L'attentat d'Eilat est un attentat-suicide perpétré le 29 janvier 2007 dans une boulangerie d'Eilat, par un Palestinien originaire de la Bande de Gaza, et a fait 3 victimes israéliennes. Cette attaque a été revendiquée[1],[2] à la fois par le Jihad islamique palestinien et les Brigades des martyrs d'Al-Aqsa.

Contexte[modifier | modifier le code]

L'attentat d'Eilat est réalisé sur fond de lutte de pouvoir entre les factions palestiniennes et de tirs de roquettes fréquents contre le territoire israélien.

Il s'agit du premier attentat à Eilat depuis 1992 (un militant palestinien était alors parvenu à Eilat à la nage et avait tué un agent de sécurité israélien), ville balnéaire du sud d'Israël qui avait jusque-là été préservée notamment au cours de la seconde Intifada depuis 2000 et lors des attentats jihadistes dans le Sinaï égyptien en 2004.

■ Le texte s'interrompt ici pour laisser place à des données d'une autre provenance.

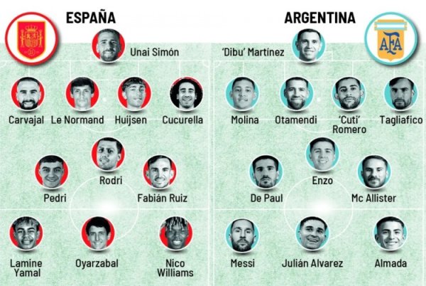 马卡为西班牙、阿根廷潜在杆位评分:梅西10分最高,亚马尔9分德甲新闻腾讯 10月13日讯 根据《马卡报》报道,西班牙队vs阿根廷队的欧美杯可能明年3月在多哈进行,《马卡报》随后撰文对比了两队杆位情况。 附马卡报预测两队杆位: 西班牙:乌奈-西蒙(7分);卡瓦哈尔(9分)、勒诺尔芒(7分)、赫伊森(8分)、库库雷利亚(8分);罗德里(9分)、佩德里(9分)、法比安-鲁伊斯(8分);尼科(8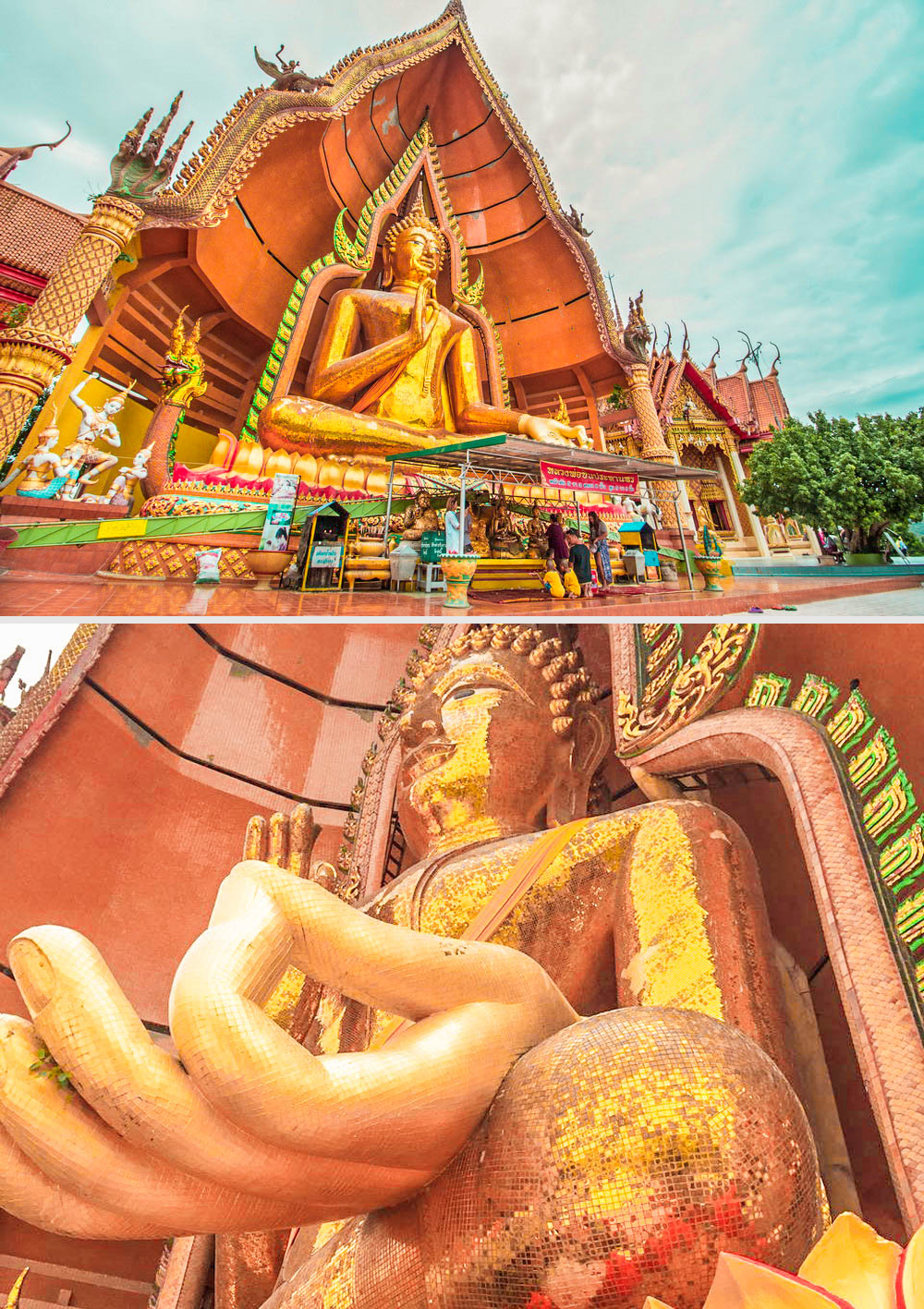 虎窟寺最显眼的就是一尊高达18米的金色大佛,大佛背靠着锥形金光罩,让大佛的光辉更显栩栩如生。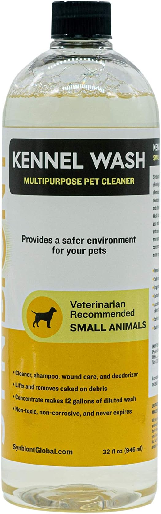 Synbiont Kennel Wash 32 oz Concentrate - Cleaner & Deodorizer for Birds, Cats, Dogs, Rabbits, Chickens - Dog Kennel Deodorizer Alternative - Pet Shampoo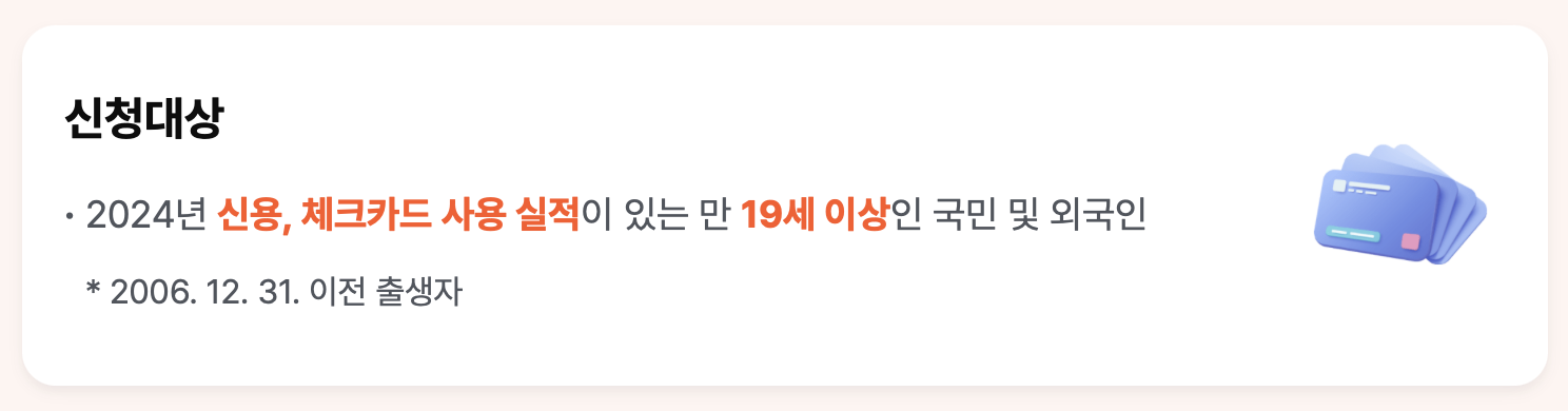24년 신용 및 체크 카드 사용 실적이 있는 만 19세 이상의 국민 및 외국인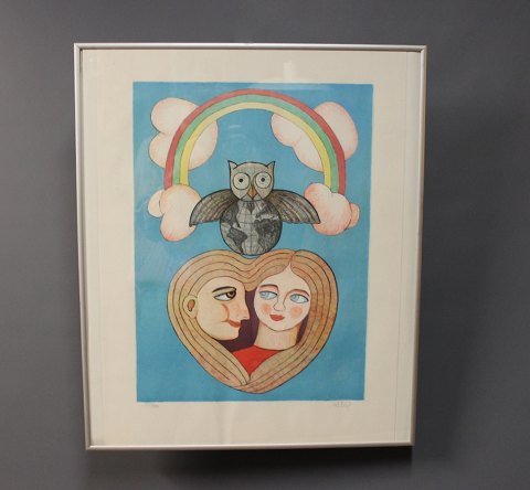 Litografi i klare stærke farver signeret 255/500 Heerup ...

L'attentat d'Eilat est également le premier attentat réalisé sur le territoire israélien depuis le 17 avril 2006, date d'un attentat-suicide revendiqué également par le Jihad islamique palestinien et les Brigades des martyrs d'Al-Aqsa et ayant tué 11 personnes dans l'ancien terminus de bus de Tel Aviv. D'autres attaques ont été déjouées pendant cette période[3],[4] par les forces de sécurité israéliennes. La région d'Eilat avait elle-même été visée par d'autres actions de terreur[5] auparavant. En 2005, la ville avait été frappée par une roquette tirée depuis le territoire jordanien.

Exécution de l'attentat[modifier | modifier le code]

L'attaque a été réalisée dans une zone résidentielle d'Eilat assez éloignée de la zone touristique du bord de mer.

L'auteur de l'attentat-suicide est Muhammed Faisal al-Saksak, âgé de 21 ans et sans emploi, résidant à Gaza et membre des Brigades des martyrs d'Al-Aqsa, affiliées au mouvement Fatah du Président palestinien Mahmoud Abbas. D'après ses proches, il avait perdu récemment sa petite fille malade. Son frère est un militant important du Jihad islamique et son meilleur ami serait mort au cours d'un affrontement avec les forces israéliennes. Sa famille avait remarqué son absence depuis 3 jours et avait connaissance de son dessein, tout en « priant pour la réussite de son opération martyr ».

D'après le mouvement Jihad islamique, la préparation de l'attaque aurait pris 7 mois et l'auteur de l'attentat serait passé par la Cisjordanie puis la Jordanie avant d'atteindre Eilat où d'autres militants l'attendaient pour lui fournir les explosifs.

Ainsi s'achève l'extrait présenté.